Malaysia doubles down on AUKUS submarine concerns during Wong visit
Kuala Lumpur: Malaysia has reinforced its concerns about Australia’s plans for a nuclear-powered submarine fleet after a “very candid” discussion between Foreign Minister Penny Wong and her Malaysian counterpart on Tuesday.
The south-east Asian nation joined Indonesia in expressing anxiety about the submarine ambitions soon after the AUKUS three-way defence alliance was announced by US President Joe Biden, British Prime Minister Boris Johnson and then prime minister Scott Morrison in September, fearing it could instigate a regional arms race.

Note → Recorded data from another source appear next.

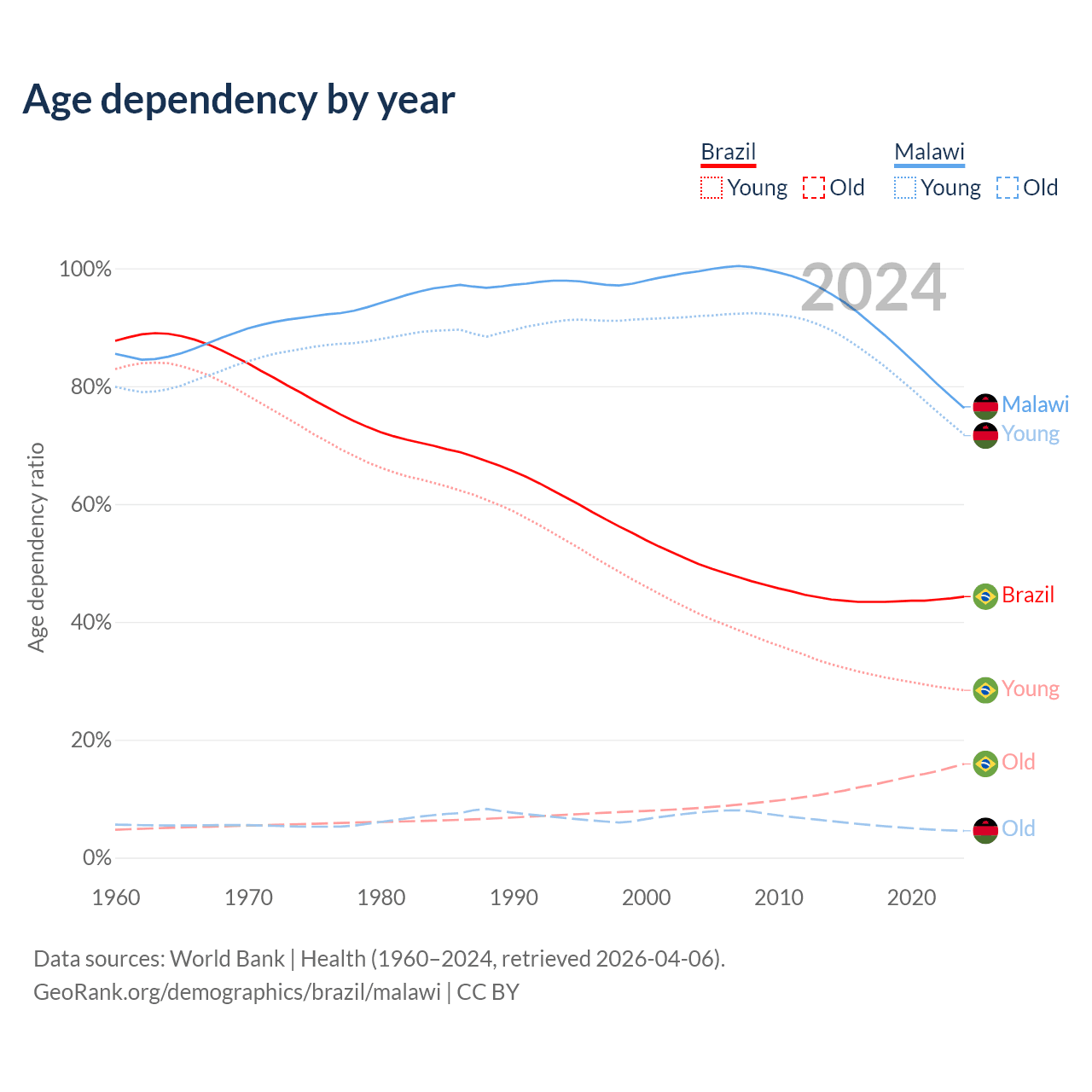- The share of old-age demographic (65+) in Brazil is 11% vs 2.59% in Malawi.
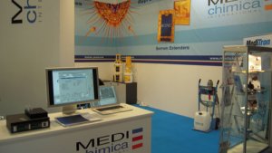Simulator that calculates the amount of drug to add to the water when using a flow dispenser.
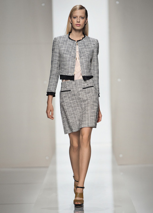 사실 이 투피스는 휴고 보스(HUGO BOSS)의 보스 블랙(BOSS Black) 라벨의 2012 F/W 신상품으로 이미 런웨이에 등장한 바 있다. 런웨이에 선 모델은 여성스러움을 강조한 긴 헤어와 밝은 컬러의 이너웨어, 브라운 컬러의 펌프스 힐로 채시라보다 가볍고 페미닌한 분위기를 연출했다.

Foreign Minister Penny Wong meets with Malaysian counterpart Saifuddin Abdullah on Tuesday.Credit:Farhan Iqbal
Malaysian Prime Minister Ismail Sabri Yaakob also raised alarm last month about the potential knock-on effects of the deal, warning that if China, for example, wanted to help North Korea buy nuclear-propelled submarines “we can’t say no because AUKUS has set a precedent”.
On Tuesday, as Wong made her first visit to the country of her birth as Australia’s top diplomat, the issue was back on the agenda.
“We had a very candid discussion on AUKUS just now,” Malaysia Foreign Minister Saifuddin Abdullah said.
“I thank the foreign minister for explaining the current government’s position. Malaysia’s position remains the same. This I have mentioned to the foreign minister.”
Australia is yet to decide how its nuclear-powered submarine program will be rolled out in practice and how it will fill a looming capability gap caused by its ageing Collins-class fleet.
Ageing fleet: A Collins Class submarine at sea.Credit:
There has been a level of acceptance in some corners of south-east Asia about Australia acquiring nuclear technology from either the United States or Britain. Philippine Foreign Secretary Teddy Locsin jnr has backed the pact and Indonesian Defence Minister Prabowo Subianto – a likely presidential candidate again when elections are next held in 2024 – has also adopted a more phlegmatic approach than the official Indonesian line, saying he understands the need of countries to protect their national interests.
Wary of heightening the risk of conflict in the Indo-Pacific, Malaysia has not budged from its stance, though, with Ismail telling the Japanese newspaper Nikkei last month that “on nuclear-powered submarines, we are worried if some other major economies take advantage of AUKUS”.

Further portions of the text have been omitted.